Googlebot is Google’s web crawling bot (sometimes also called a “spider”). Crawling is the process by which Googlebot discovers new and updated pages to be added to the Google index.
We use a huge set of computers to fetch (or “crawl”) billions of pages on the web. Googlebot uses an algorithmic process: computer programs determine which sites to crawl, how often, and how many pages to fetch from each site.
Googlebot’s crawl process begins with a list of webpage URLs, generated from previous crawl processes and augmented with Sitemap data provided by webmasters. As Googlebot visits each of these websites it detects links (SRC and HREF) on each page and adds them to its list of pages to crawl. New sites, changes to existing sites, and dead links are noted and used to update the Google index.
For most destinations, Googlebot shouldn’t get to your site more than once at regular intervals all things considered. Nonetheless, because of system delays, it’s conceivable that the rate will have all the earmarks of being marginally higher over brief periods.

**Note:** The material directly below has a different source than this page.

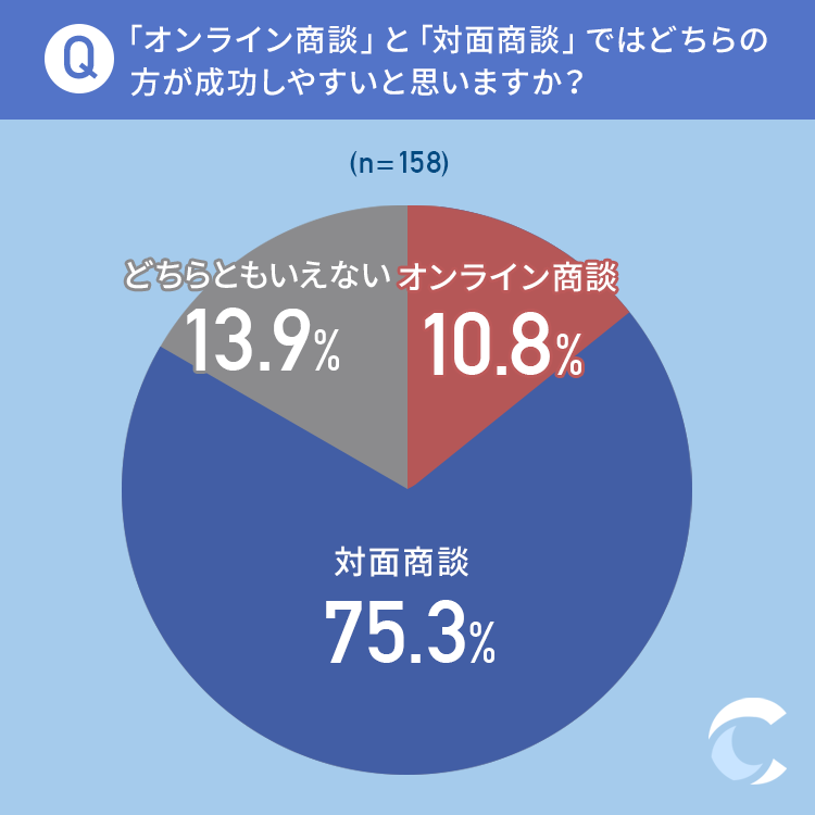 「対面商談」と回答した方が75.3%と、圧倒的に多い結果になりました。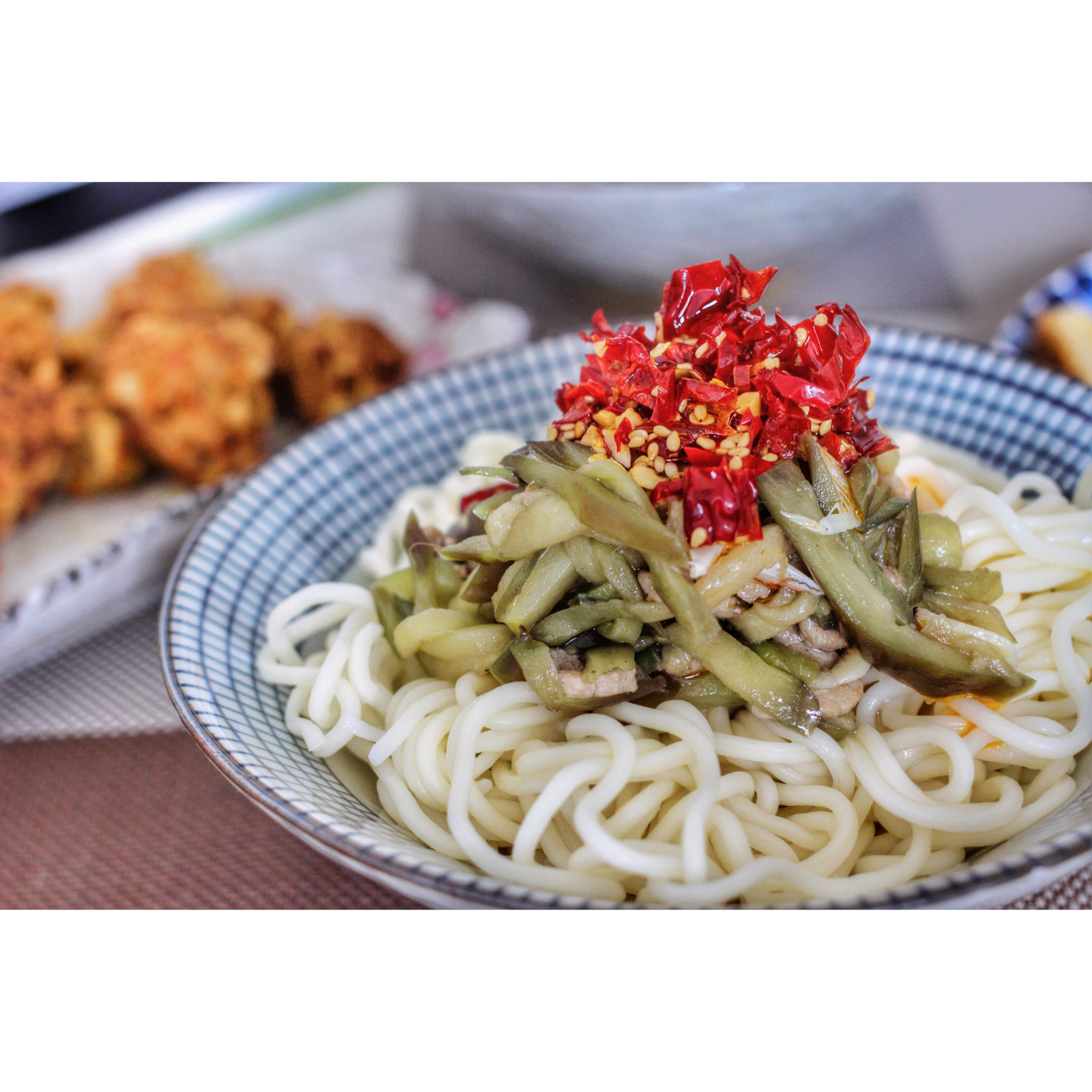 茄子肉丝卤的面条配上红油辣子,好爱这么吃

Googlebot was intended to be circulated on a few machines to enhance execution and scale as the web develops. Additionally, to eliminate data transmission utilization, we run numerous crawlers on machines situated close to the locales they’re ordering in the system. In this manner, your logs may demonstrate visits from a few machines at google.com, all with the client operator Googlebot. We will probably creep the greatest number of pages from your site as we can on each visit without overpowering your server’s transfer speed. Demand an adjustment in the slither rate.
It’s relatively difficult to keep a web server mystery by not distributing connections to it. When somebody takes after a connection from your “mystery” server to another web server, your “mystery” URL may show up in the referrer tag and can be put away and distributed by the other web server in its referrer log. Essentially, the web has numerous obsolete and broken connections. At whatever point somebody distributes an erroneous connect to your webpage or neglects to refresh connects to reflect changes in your server, Googlebot will attempt to download a wrong connection from your website.
In the event that you need to keep Googlebot from creeping content on your site, you have various choices, including utilizing robots.txt to piece access to documents and catalogs on your server.
Once you’ve made your robots.txt record, there might be a little deferral before Googlebot finds your progressions. In the event that Googlebot is as yet creeping content you’ve obstructed in robots.txt, watch that the robots.txt is in the right area. It must be in the best registry of the server (for instance, www.example.com/robots.txt); setting the record in a subdirectory won’t have any impact.